### Supplied material

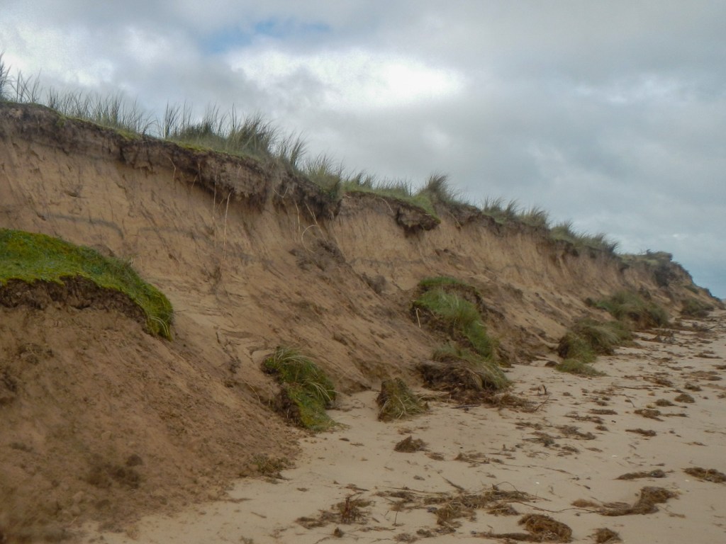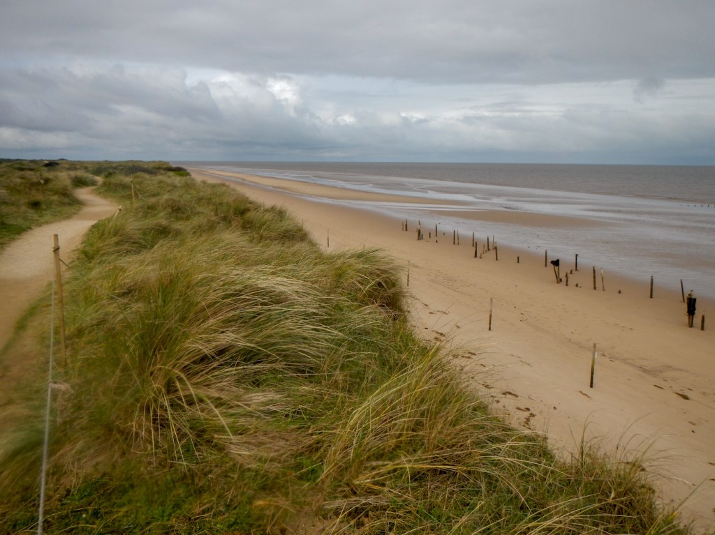 I passed an information board close to the point where one of the two local Bronze Age structures constructed from oak wood in 2049BC was excavated in the late 1990s. It was named “Seahenge” by the press although it wasn’t at the sea when it was built and isn’t a henge. It was originally built on salt marsh which nowadays, following coastal erosion, is part of the beach. Its purpose is unknown although various ideas have been proposed.
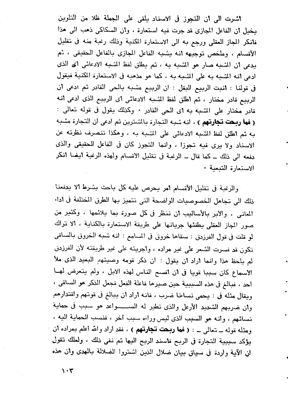 ولما كانت مسألة خلق الأفعال من المسائل التي شغلت المسلمين نبه أهل هذه الصناعة إلى أننا، وإن كنا نعتقد معتقد أهل السنة، وأن الأفعال كلها عند التحليل الباحث عن مصدرها، مخلوقة لله إلا أننا نقول: إن زيدا هو الفاعل الحقيقي في قولنا رمي زيد؛ لأن الرمي معنى قائم بزيد، ووصف له، وله فيه كسب وتحصيل، وهذا يكفي ليكون الإسناد حقيقيًّا، فقولنا: إن خالق الأفعال كلها هو الله، وأنه سبحانه هو الفاعل الحقيقي لكل شيء لا يعني أن تكون كل الصور التي تستند فيها الأفعال لغيره سبحانه صورا مجازية، وهذا لو قلناه لكان ضربا من الهذيان، ولقادنا إلى كبيرة حين نسند أفعال القيام، والقعود والأكل والشرب وغيرهما مما يتنزه عنه جلاله.
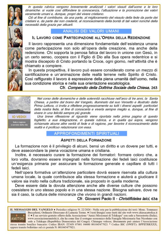Il Foglietto viene offerto gratuitamente dall'Associazione "Amici Missionari di Tshikapa", che ha come fine il sostegno economico della Famiglia Missionaria San Nicodemo, con sede a Tshikapa, nella Repubblica Democratica del Congo.
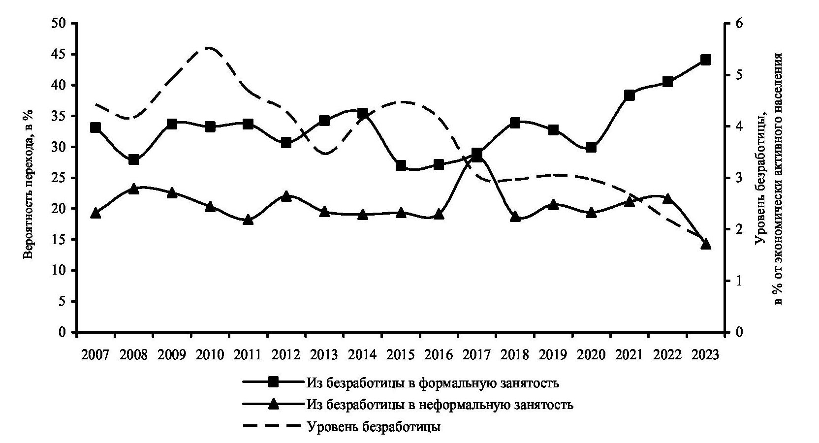 На рис. 3 представлены безусловные вероятности перехода из безработицы в занятость различных типов на российском рынке труда в 2007–2023 гг., соотнесенные с динамикой уровня безработицы.
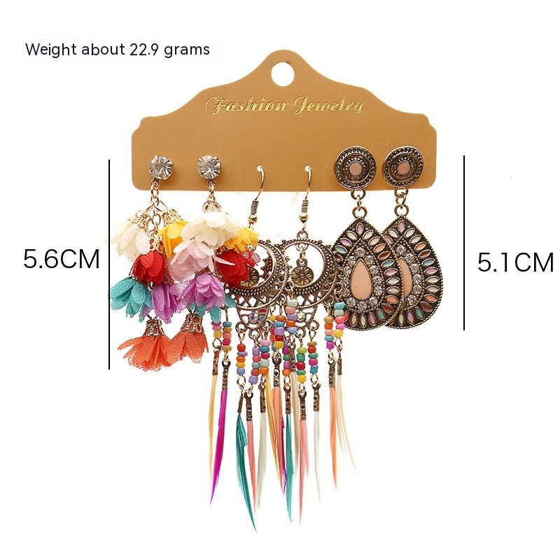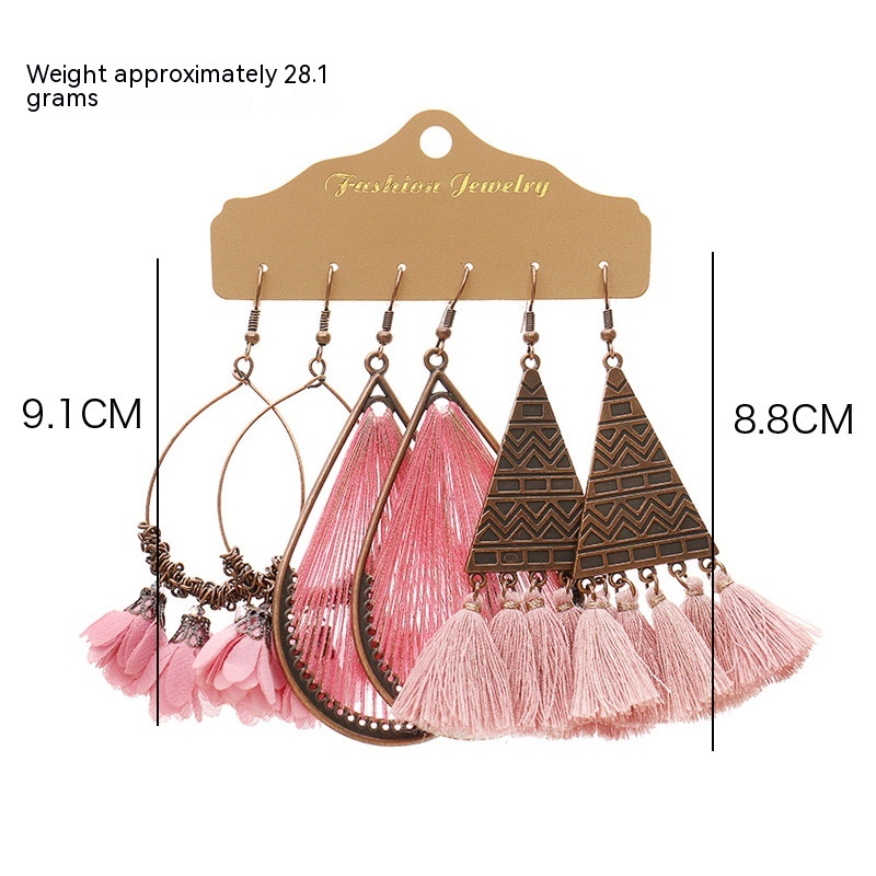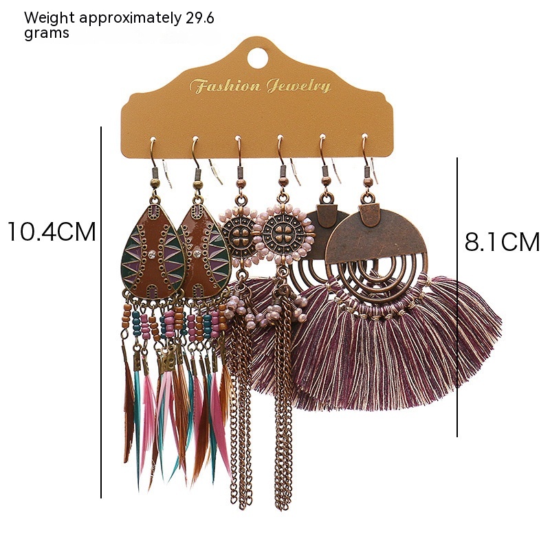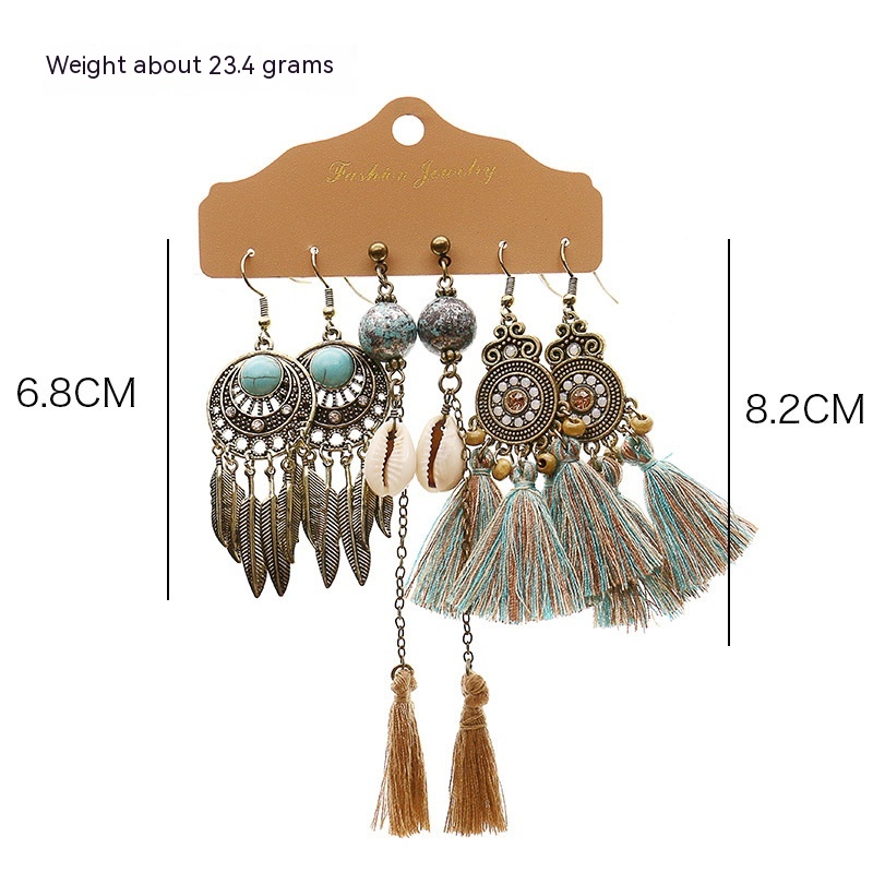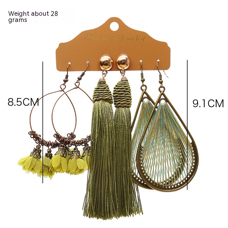 Product information:Applicable population: FemaleMaterial: hand-wovenPopular elements: Tassel, irregular, chain, asymmetricStyle: Bohemian styleCategory: earrings

######

Problem statement
Write out exactly and only the lines that run from the start of the data above through the line containing "Il Foglietto viene", leaving the pictures out.

Task result
 I passed an information board close to the point where one of the two local Bronze Age structures constructed from oak wood in 2049BC was excavated in the late 1990s. It was named “Seahenge” by the press although it wasn’t at the sea when it was built and isn’t a henge. It was originally built on salt marsh which nowadays, following coastal erosion, is part of the beach. Its purpose is unknown although various ideas have been proposed.
 ولما كانت مسألة خلق الأفعال من المسائل التي شغلت المسلمين نبه أهل هذه الصناعة إلى أننا، وإن كنا نعتقد معتقد أهل السنة، وأن الأفعال كلها عند التحليل الباحث عن مصدرها، مخلوقة لله إلا أننا نقول: إن زيدا هو الفاعل الحقيقي في قولنا رمي زيد؛ لأن الرمي معنى قائم بزيد، ووصف له، وله فيه كسب وتحصيل، وهذا يكفي ليكون الإسناد حقيقيًّا، فقولنا: إن خالق الأفعال كلها هو الله، وأنه سبحانه هو الفاعل الحقيقي لكل شيء لا يعني أن تكون كل الصور التي تستند فيها الأفعال لغيره سبحانه صورا مجازية، وهذا لو قلناه لكان ضربا من الهذيان، ولقادنا إلى كبيرة حين نسند أفعال القيام، والقعود والأكل والشرب وغيرهما مما يتنزه عنه جلاله.
Il Foglietto viene offerto gratuitamente dall'Associazione "Amici Missionari di Tshikapa", che ha come fine il sostegno economico della Famiglia Missionaria San Nicodemo, con sede a Tshikapa, nella Repubblica Democratica del Congo.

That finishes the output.